Although fat-only images are perfectly suitable for the detection and characterization of bone marrow and fat-containing lesions, it should be kept in mind that in some circumstances, additional sequences might be needed to complement the simplified protocol, as is currently the case when using the standard protocol. In the workup of focal bone marrow replacement lesions for example, pre- and post-contrast T1-weighted sequences should be acquired. In this context, the analysis of pre-contrast T1-weighted sequences may be useful to characterize focal lesions that might contain other short T1 components such as melanin in case of metastases of melanoma. Contrast-enhanced T1-weighted sequences are also required for the assessment of spinal infectious disease. However, these indications are beyond the scope of this study, which focused on non-contrast MRI protocols in the setting of non-specific low back pain/lumbar radiculopathy.

Some limitations of our study must be acknowledged. First, our assessment was limited to sequences from a single manufacturer in one center, and although examinations were performed on three different types of scanners, they were all acquired on 3-T magnets. In our experience, FSE T2 Dixon sequences perform equally at 1.5 T, but this has to be assessed in future studies. Second, there were a relatively low number of positive cases for some items, in particular for endplate fractures and spondylolysis, accounting for the relatively large confidence intervals of kappa values. While these results should be confirmed in a larger-scale study, it is to note that fractures and spondylolysis, when symptomatic in the acute/subacute setting, commonly present high signal intensity on fat-suppressed fluid-sensitive sequences, and it is unlikely that these could be missed on a simplified protocol.
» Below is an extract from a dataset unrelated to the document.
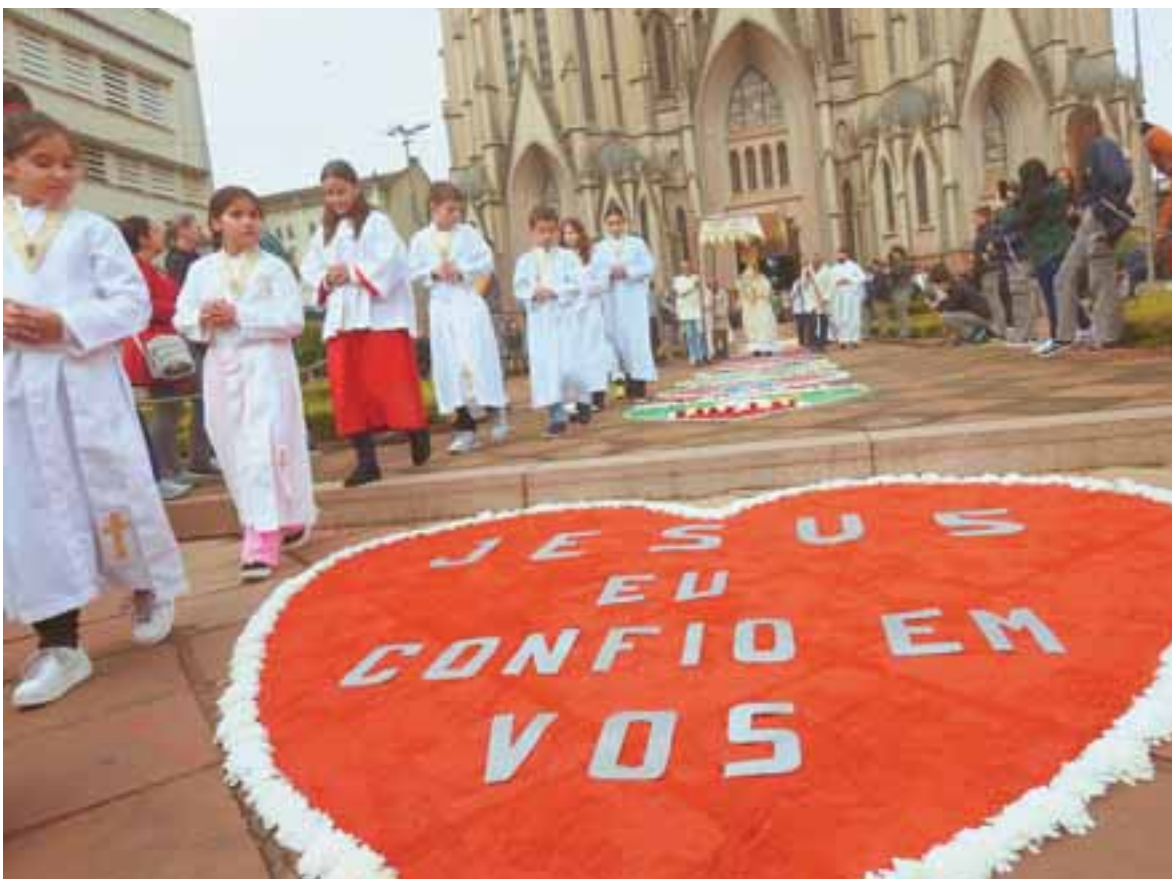
Tapetes coloridos são uma das principais marcas da celebração religiosa. Fiéis realizaram procissão pelas ruas centrais de Santa Cruz

Third, readers could not be blinded to the protocol being assessed, but care was taken to minimize verification and recall bias by performing the readings of the examination in a random order and by ensuring that the two protocols were read in different sessions.

In conclusion, we showed that for the workup of non-specific low back pain/lumbar radiculopathy, a simplified protocol corresponding to a single T2-weighted Dixon sequence could replace the standard protocol of lumbar spine MRI in the sagittal plane, which combines T1-weighted, non-fat-suppressed, and fat-suppressed T2-weighted sequences. Lumbar spine MRI in the sagittal plane could consequently be limited to a single sequence in this indication, providing an opportunity to reduce examination time and improve patients’ comfort.